■ Required work ■
From the listing below, reproduce exactly the lines starting with the one with "为进一步提高taptap点点" and going on through the one with "Близкий план черного", both ends kept. No picture is copied.
### Entries supplied
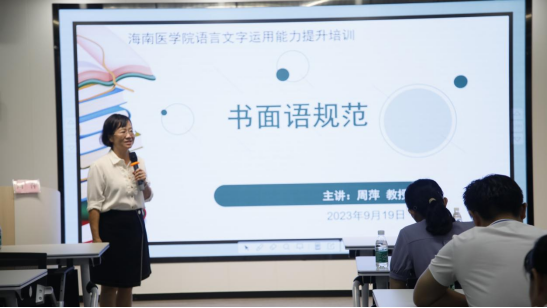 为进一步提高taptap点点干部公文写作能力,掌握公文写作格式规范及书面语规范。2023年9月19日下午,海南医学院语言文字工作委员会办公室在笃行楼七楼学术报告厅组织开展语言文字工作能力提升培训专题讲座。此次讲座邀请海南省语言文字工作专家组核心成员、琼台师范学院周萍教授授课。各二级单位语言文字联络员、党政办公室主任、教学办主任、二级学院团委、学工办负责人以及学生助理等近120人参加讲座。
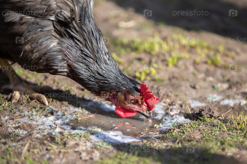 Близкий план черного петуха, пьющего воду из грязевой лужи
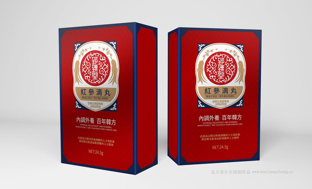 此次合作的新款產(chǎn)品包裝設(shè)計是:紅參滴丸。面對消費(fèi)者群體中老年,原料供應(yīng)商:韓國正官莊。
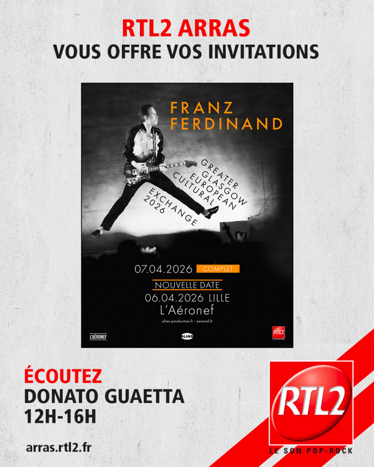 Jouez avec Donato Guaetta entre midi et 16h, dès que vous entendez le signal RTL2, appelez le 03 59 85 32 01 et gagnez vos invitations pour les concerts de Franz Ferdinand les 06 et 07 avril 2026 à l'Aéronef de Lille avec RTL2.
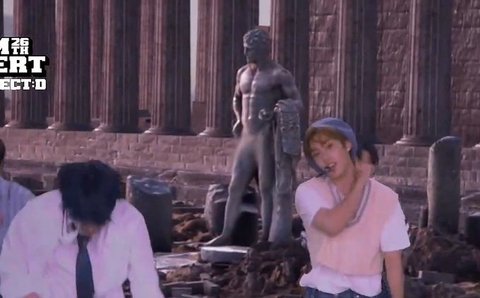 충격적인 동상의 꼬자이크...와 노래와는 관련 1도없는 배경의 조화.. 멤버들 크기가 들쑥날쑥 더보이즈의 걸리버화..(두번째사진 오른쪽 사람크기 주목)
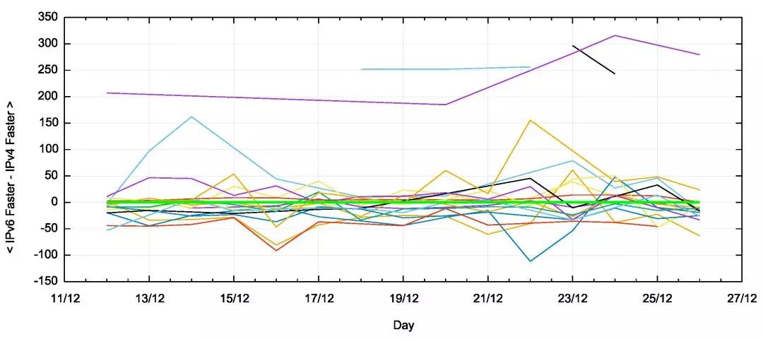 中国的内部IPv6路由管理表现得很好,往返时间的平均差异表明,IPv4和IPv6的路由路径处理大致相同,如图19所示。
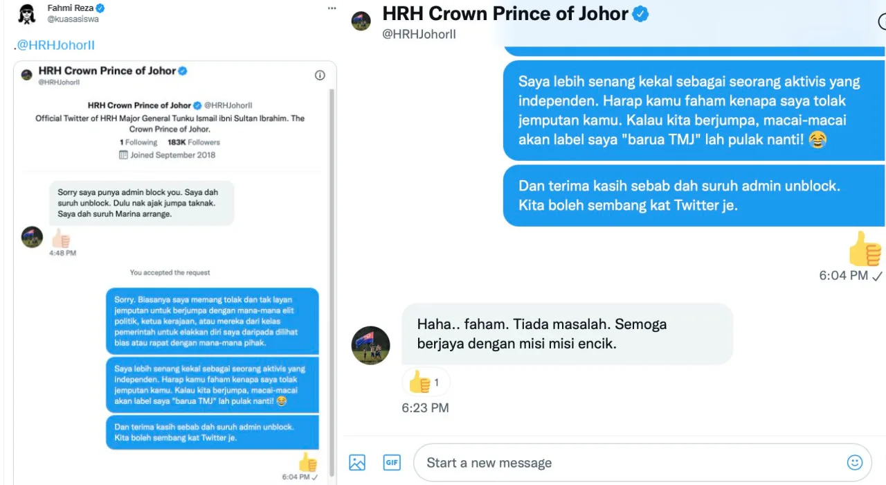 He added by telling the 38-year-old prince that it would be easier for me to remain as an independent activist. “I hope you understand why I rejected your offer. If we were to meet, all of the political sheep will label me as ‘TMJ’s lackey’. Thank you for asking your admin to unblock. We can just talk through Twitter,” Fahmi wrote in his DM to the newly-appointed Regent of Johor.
######
### Entries supplied
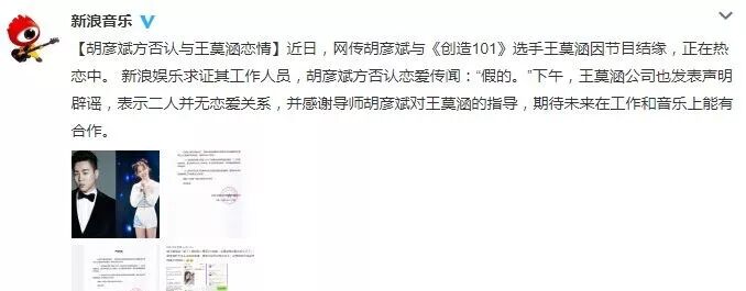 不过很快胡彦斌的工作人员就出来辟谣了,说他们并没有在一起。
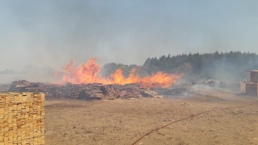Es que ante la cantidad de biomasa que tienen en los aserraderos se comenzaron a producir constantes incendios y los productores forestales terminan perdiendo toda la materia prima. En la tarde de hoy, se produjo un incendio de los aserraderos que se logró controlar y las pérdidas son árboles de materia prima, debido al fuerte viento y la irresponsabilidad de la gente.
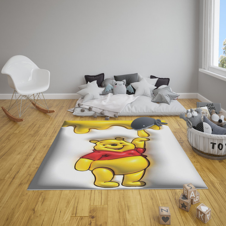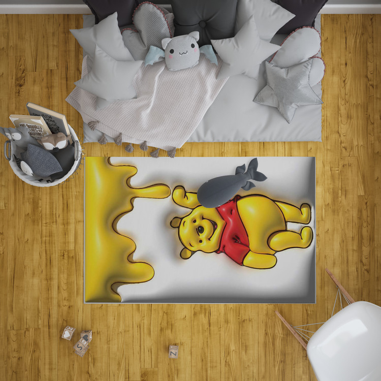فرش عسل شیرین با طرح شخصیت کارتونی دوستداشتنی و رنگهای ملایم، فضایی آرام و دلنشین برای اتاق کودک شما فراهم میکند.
######
■ The completed task ■
 为进一步提高taptap点点干部公文写作能力,掌握公文写作格式规范及书面语规范。2023年9月19日下午,海南医学院语言文字工作委员会办公室在笃行楼七楼学术报告厅组织开展语言文字工作能力提升培训专题讲座。此次讲座邀请海南省语言文字工作专家组核心成员、琼台师范学院周萍教授授课。各二级单位语言文字联络员、党政办公室主任、教学办主任、二级学院团委、学工办负责人以及学生助理等近120人参加讲座。
 Близкий план черного петуха, пьющего воду из грязевой лужи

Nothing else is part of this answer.